Items from a dataset:
· · ·

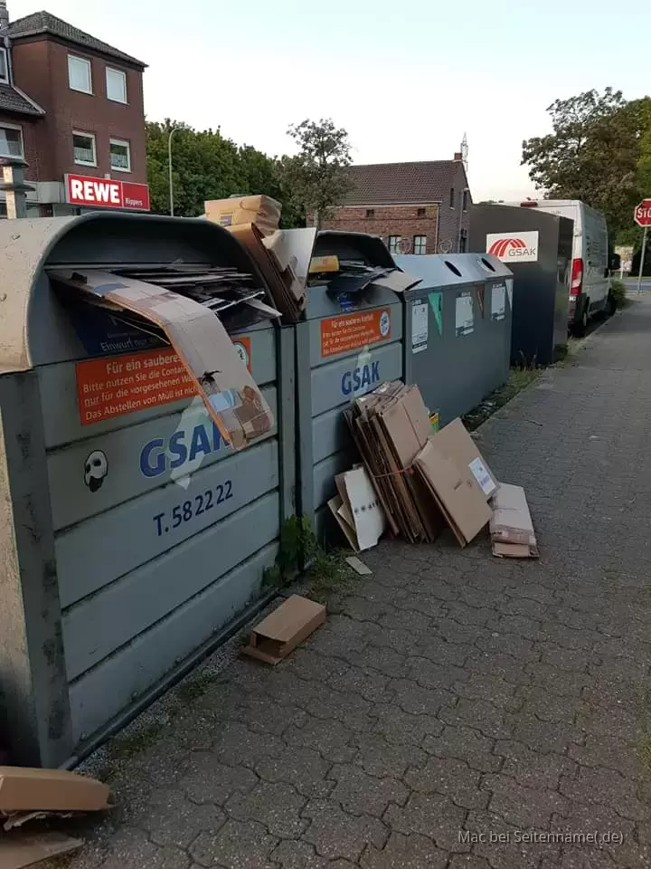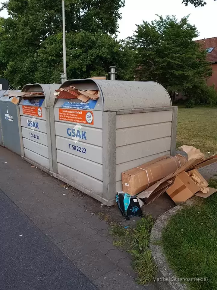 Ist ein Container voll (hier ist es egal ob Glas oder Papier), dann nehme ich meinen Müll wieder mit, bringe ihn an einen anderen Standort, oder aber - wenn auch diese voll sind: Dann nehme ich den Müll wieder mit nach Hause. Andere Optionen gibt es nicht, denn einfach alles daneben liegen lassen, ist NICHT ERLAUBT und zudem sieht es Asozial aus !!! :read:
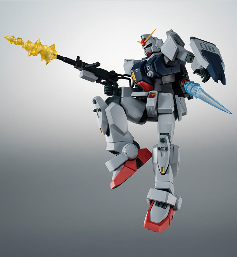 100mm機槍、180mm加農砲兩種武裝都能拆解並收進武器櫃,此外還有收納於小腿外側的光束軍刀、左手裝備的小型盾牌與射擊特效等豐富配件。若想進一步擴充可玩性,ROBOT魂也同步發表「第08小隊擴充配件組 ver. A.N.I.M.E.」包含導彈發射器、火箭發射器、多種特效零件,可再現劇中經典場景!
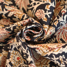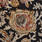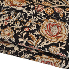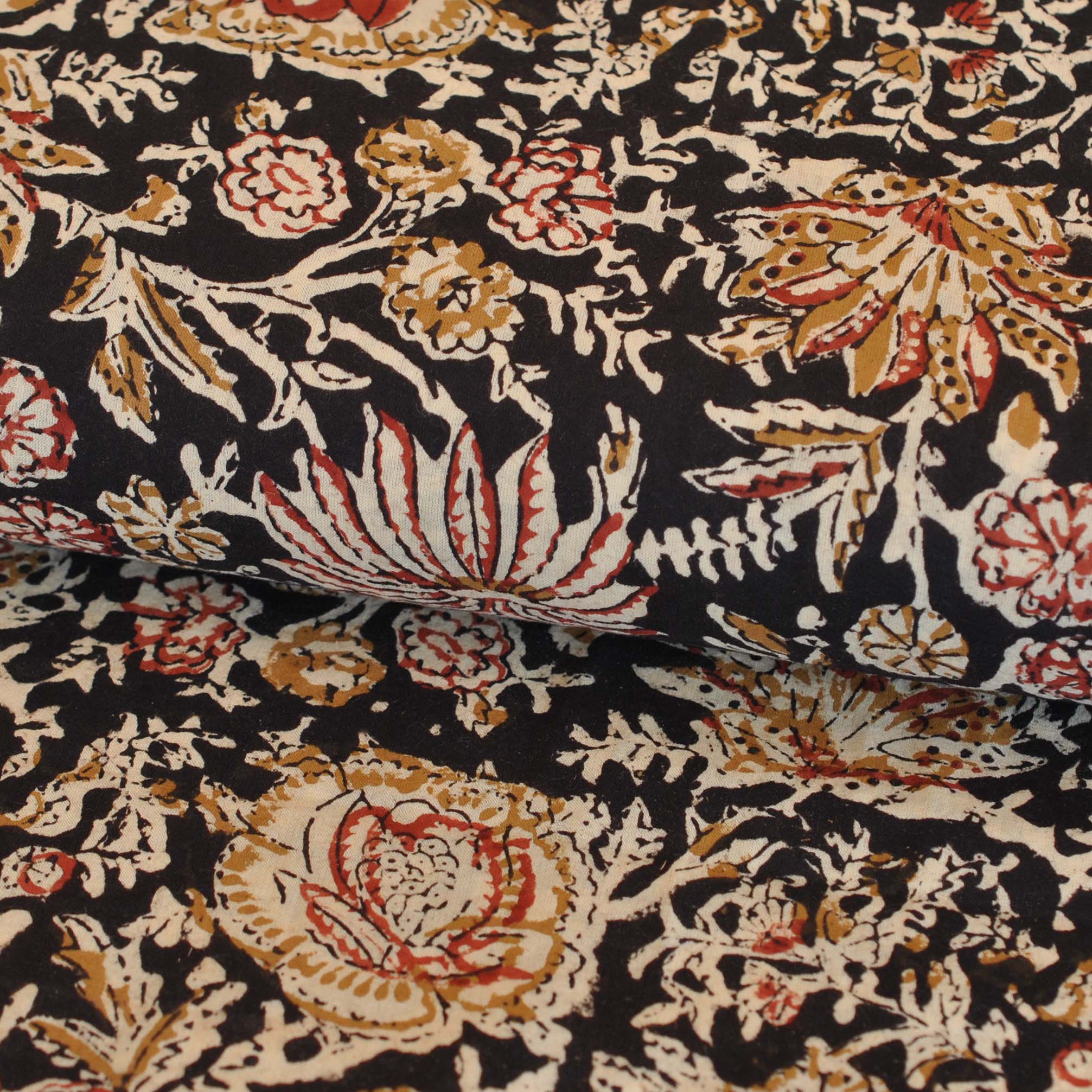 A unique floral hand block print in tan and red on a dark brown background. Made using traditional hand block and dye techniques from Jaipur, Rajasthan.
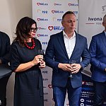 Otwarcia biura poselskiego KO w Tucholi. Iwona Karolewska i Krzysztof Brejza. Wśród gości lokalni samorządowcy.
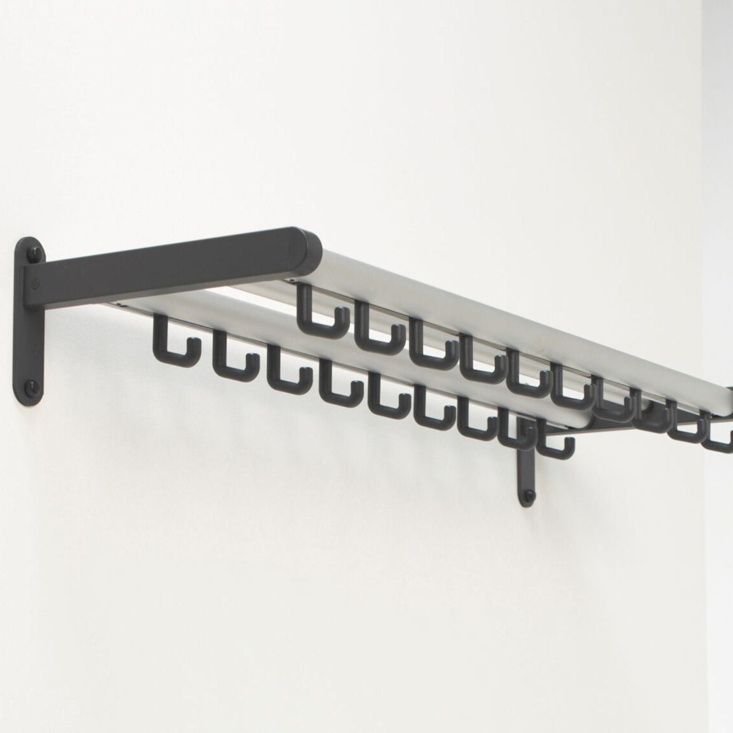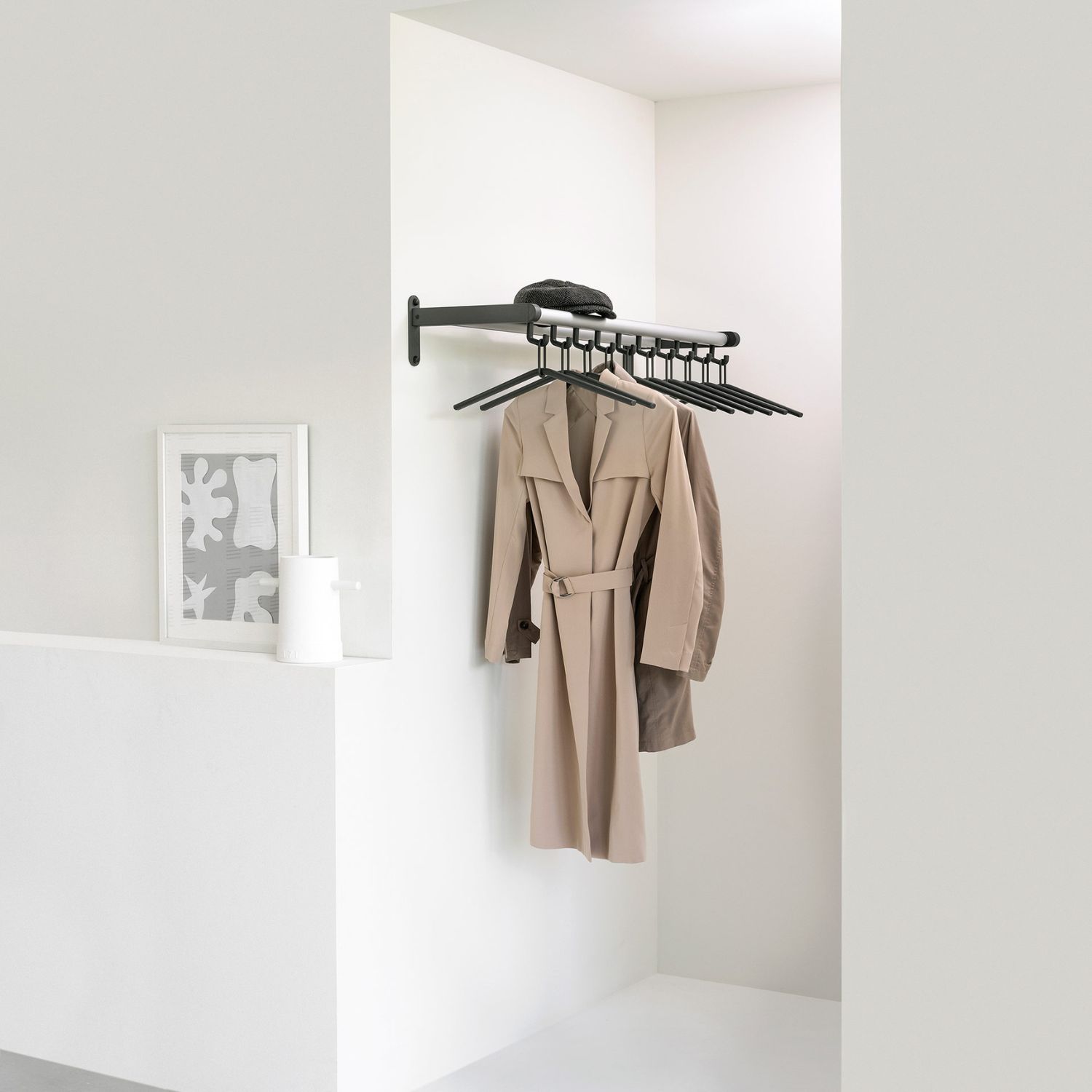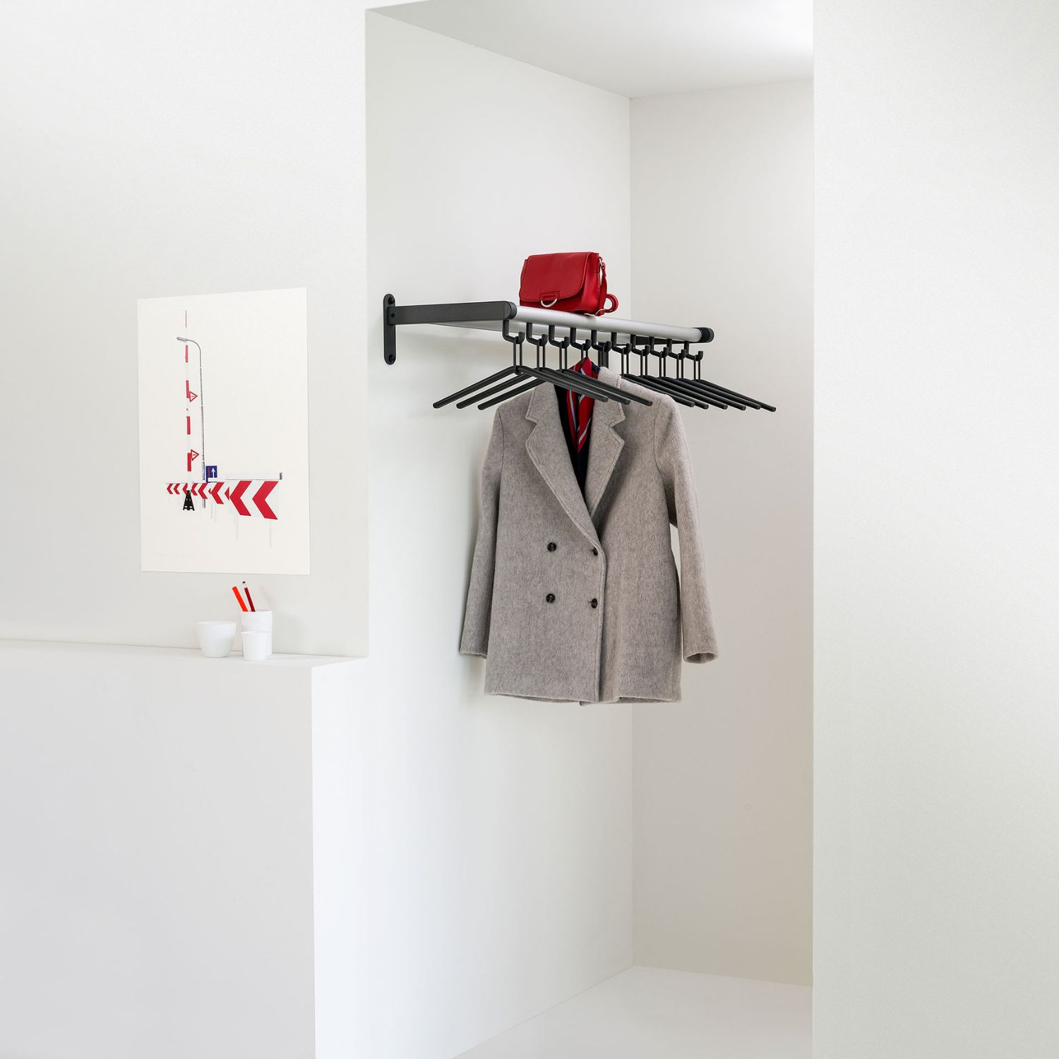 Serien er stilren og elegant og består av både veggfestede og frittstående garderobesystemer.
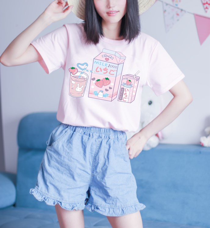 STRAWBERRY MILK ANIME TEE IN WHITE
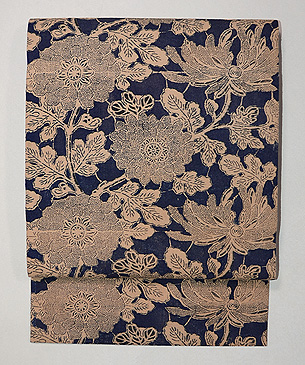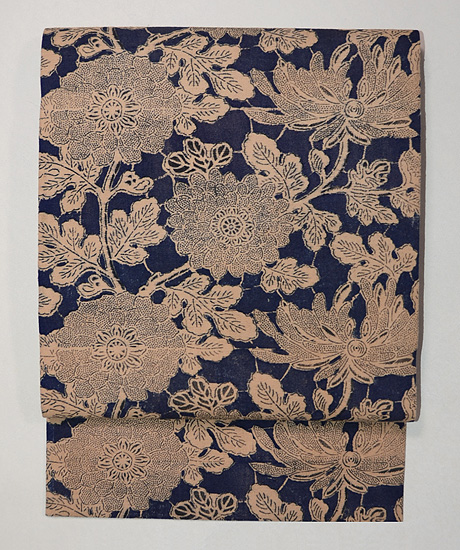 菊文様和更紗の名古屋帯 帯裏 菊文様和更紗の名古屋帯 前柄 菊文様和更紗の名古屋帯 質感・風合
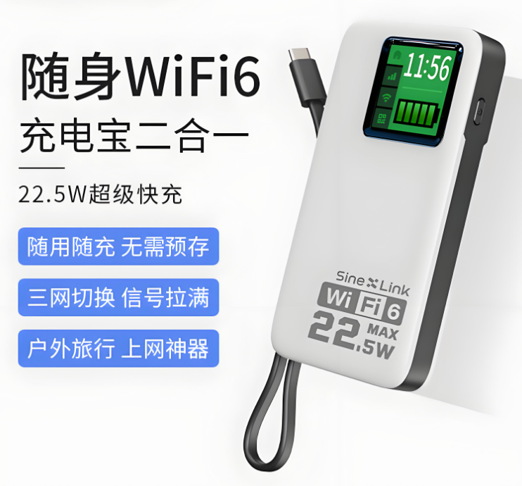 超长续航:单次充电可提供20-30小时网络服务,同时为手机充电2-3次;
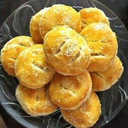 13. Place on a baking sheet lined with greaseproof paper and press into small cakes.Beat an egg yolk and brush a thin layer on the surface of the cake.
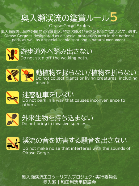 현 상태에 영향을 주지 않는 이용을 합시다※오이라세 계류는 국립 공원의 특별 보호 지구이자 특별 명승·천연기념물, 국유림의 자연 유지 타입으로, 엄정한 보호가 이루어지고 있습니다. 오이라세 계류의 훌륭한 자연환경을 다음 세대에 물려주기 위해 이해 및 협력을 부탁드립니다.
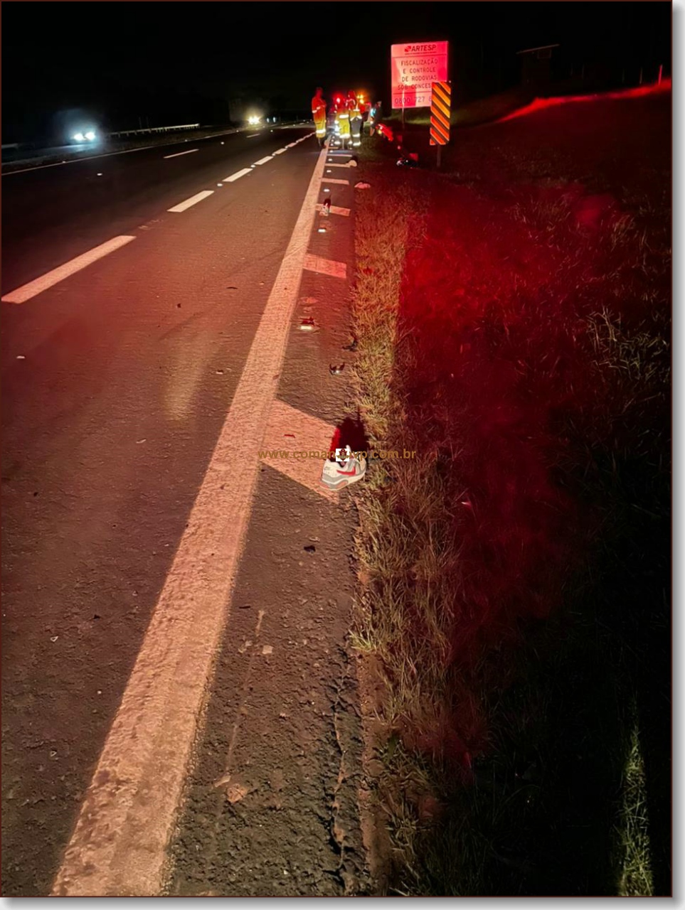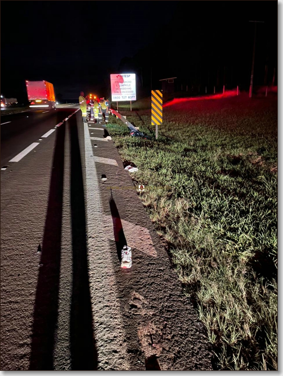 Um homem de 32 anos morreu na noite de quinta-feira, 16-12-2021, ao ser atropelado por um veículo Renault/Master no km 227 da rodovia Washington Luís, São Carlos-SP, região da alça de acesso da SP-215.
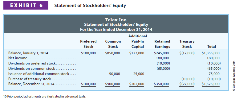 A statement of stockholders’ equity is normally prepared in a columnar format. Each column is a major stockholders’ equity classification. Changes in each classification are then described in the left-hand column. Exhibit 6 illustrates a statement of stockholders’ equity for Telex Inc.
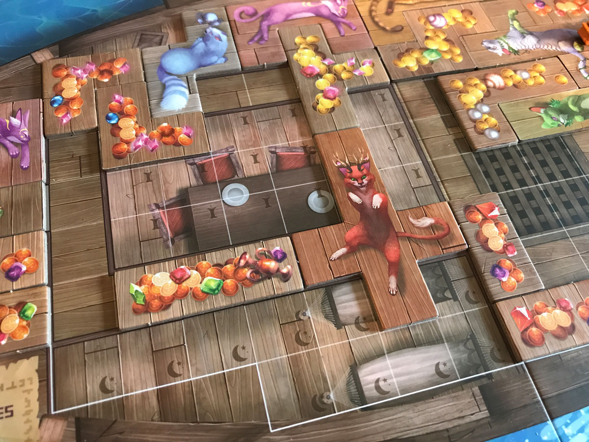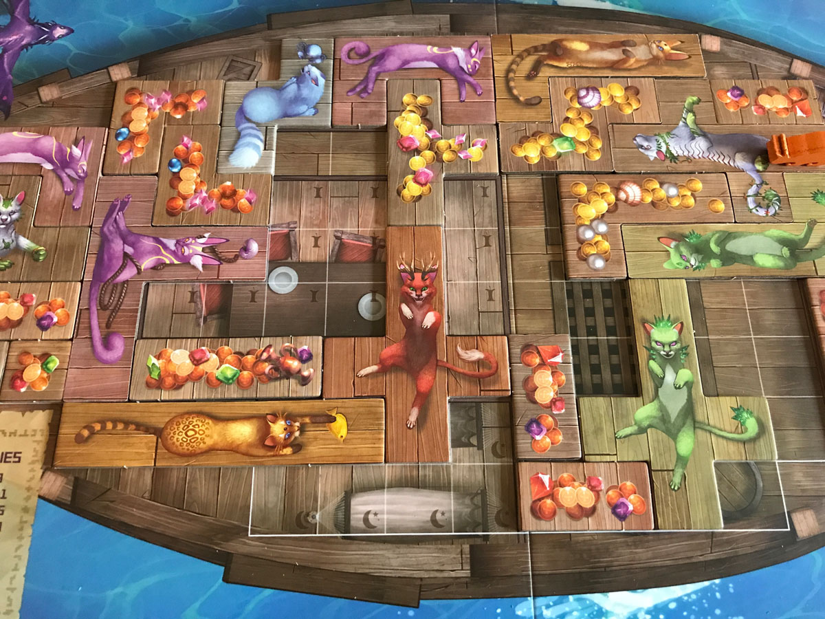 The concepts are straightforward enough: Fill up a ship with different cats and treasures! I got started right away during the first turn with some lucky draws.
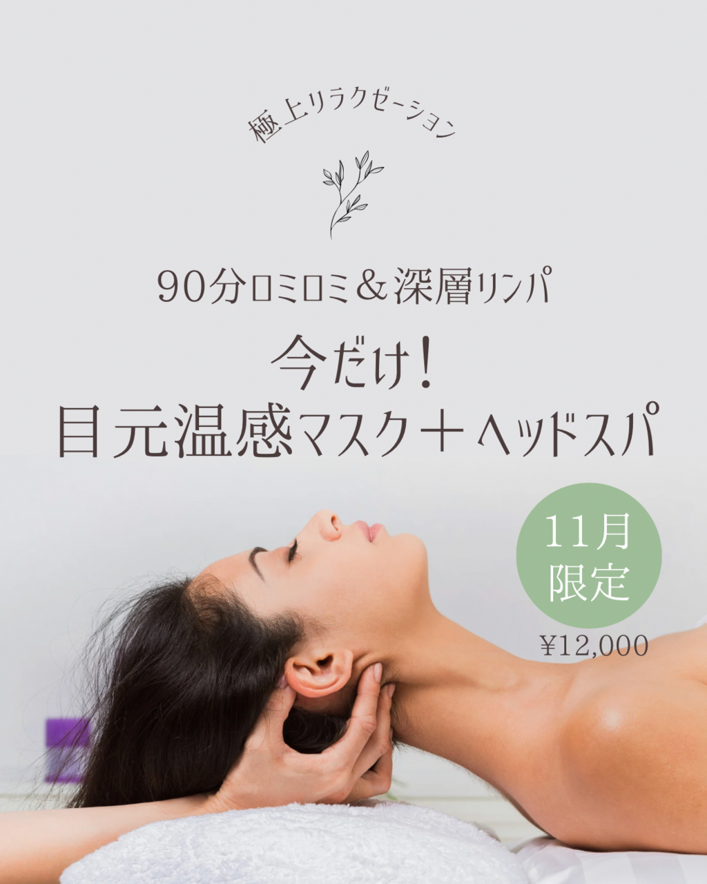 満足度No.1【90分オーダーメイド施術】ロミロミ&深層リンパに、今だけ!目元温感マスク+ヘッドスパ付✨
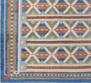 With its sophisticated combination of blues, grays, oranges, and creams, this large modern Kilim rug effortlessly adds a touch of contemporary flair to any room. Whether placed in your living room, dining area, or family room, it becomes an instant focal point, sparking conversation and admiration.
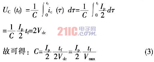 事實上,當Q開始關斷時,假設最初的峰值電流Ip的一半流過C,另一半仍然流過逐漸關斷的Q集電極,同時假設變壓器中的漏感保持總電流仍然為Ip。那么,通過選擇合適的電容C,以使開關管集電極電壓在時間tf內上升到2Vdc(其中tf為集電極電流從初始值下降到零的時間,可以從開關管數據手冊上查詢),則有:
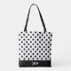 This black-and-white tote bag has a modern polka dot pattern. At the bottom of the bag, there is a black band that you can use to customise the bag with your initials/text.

· · ·

**EXERCISE INSTRUCTIONS:** Your output should be the full set of entries above, restated word for word and free of pictures.

**THE ANSWER:**
 Ist ein Container voll (hier ist es egal ob Glas oder Papier), dann nehme ich meinen Müll wieder mit, bringe ihn an einen anderen Standort, oder aber - wenn auch diese voll sind: Dann nehme ich den Müll wieder mit nach Hause. Andere Optionen gibt es nicht, denn einfach alles daneben liegen lassen, ist NICHT ERLAUBT und zudem sieht es Asozial aus !!! :read:
 100mm機槍、180mm加農砲兩種武裝都能拆解並收進武器櫃,此外還有收納於小腿外側的光束軍刀、左手裝備的小型盾牌與射擊特效等豐富配件。若想進一步擴充可玩性,ROBOT魂也同步發表「第08小隊擴充配件組 ver. A.N.I.M.E.」包含導彈發射器、火箭發射器、多種特效零件,可再現劇中經典場景!
 A unique floral hand block print in tan and red on a dark brown background. Made using traditional hand block and dye techniques from Jaipur, Rajasthan.
 Otwarcia biura poselskiego KO w Tucholi. Iwona Karolewska i Krzysztof Brejza. Wśród gości lokalni samorządowcy.
 Serien er stilren og elegant og består av både veggfestede og frittstående garderobesystemer.
 STRAWBERRY MILK ANIME TEE IN WHITE
 菊文様和更紗の名古屋帯 帯裏 菊文様和更紗の名古屋帯 前柄 菊文様和更紗の名古屋帯 質感・風合
 超长续航:单次充电可提供20-30小时网络服务,同时为手机充电2-3次;
 13. Place on a baking sheet lined with greaseproof paper and press into small cakes.Beat an egg yolk and brush a thin layer on the surface of the cake.
 현 상태에 영향을 주지 않는 이용을 합시다※오이라세 계류는 국립 공원의 특별 보호 지구이자 특별 명승·천연기념물, 국유림의 자연 유지 타입으로, 엄정한 보호가 이루어지고 있습니다. 오이라세 계류의 훌륭한 자연환경을 다음 세대에 물려주기 위해 이해 및 협력을 부탁드립니다.
 Um homem de 32 anos morreu na noite de quinta-feira, 16-12-2021, ao ser atropelado por um veículo Renault/Master no km 227 da rodovia Washington Luís, São Carlos-SP, região da alça de acesso da SP-215.
 A statement of stockholders’ equity is normally prepared in a columnar format. Each column is a major stockholders’ equity classification. Changes in each classification are then described in the left-hand column. Exhibit 6 illustrates a statement of stockholders’ equity for Telex Inc.
 The concepts are straightforward enough: Fill up a ship with different cats and treasures! I got started right away during the first turn with some lucky draws.
 満足度No.1【90分オーダーメイド施術】ロミロミ&深層リンパに、今だけ!目元温感マスク+ヘッドスパ付✨
 With its sophisticated combination of blues, grays, oranges, and creams, this large modern Kilim rug effortlessly adds a touch of contemporary flair to any room. Whether placed in your living room, dining area, or family room, it becomes an instant focal point, sparking conversation and admiration.
 事實上,當Q開始關斷時,假設最初的峰值電流Ip的一半流過C,另一半仍然流過逐漸關斷的Q集電極,同時假設變壓器中的漏感保持總電流仍然為Ip。那么,通過選擇合適的電容C,以使開關管集電極電壓在時間tf內上升到2Vdc(其中tf為集電極電流從初始值下降到零的時間,可以從開關管數據手冊上查詢),則有:
 This black-and-white tote bag has a modern polka dot pattern. At the bottom of the bag, there is a black band that you can use to customise the bag with your initials/text.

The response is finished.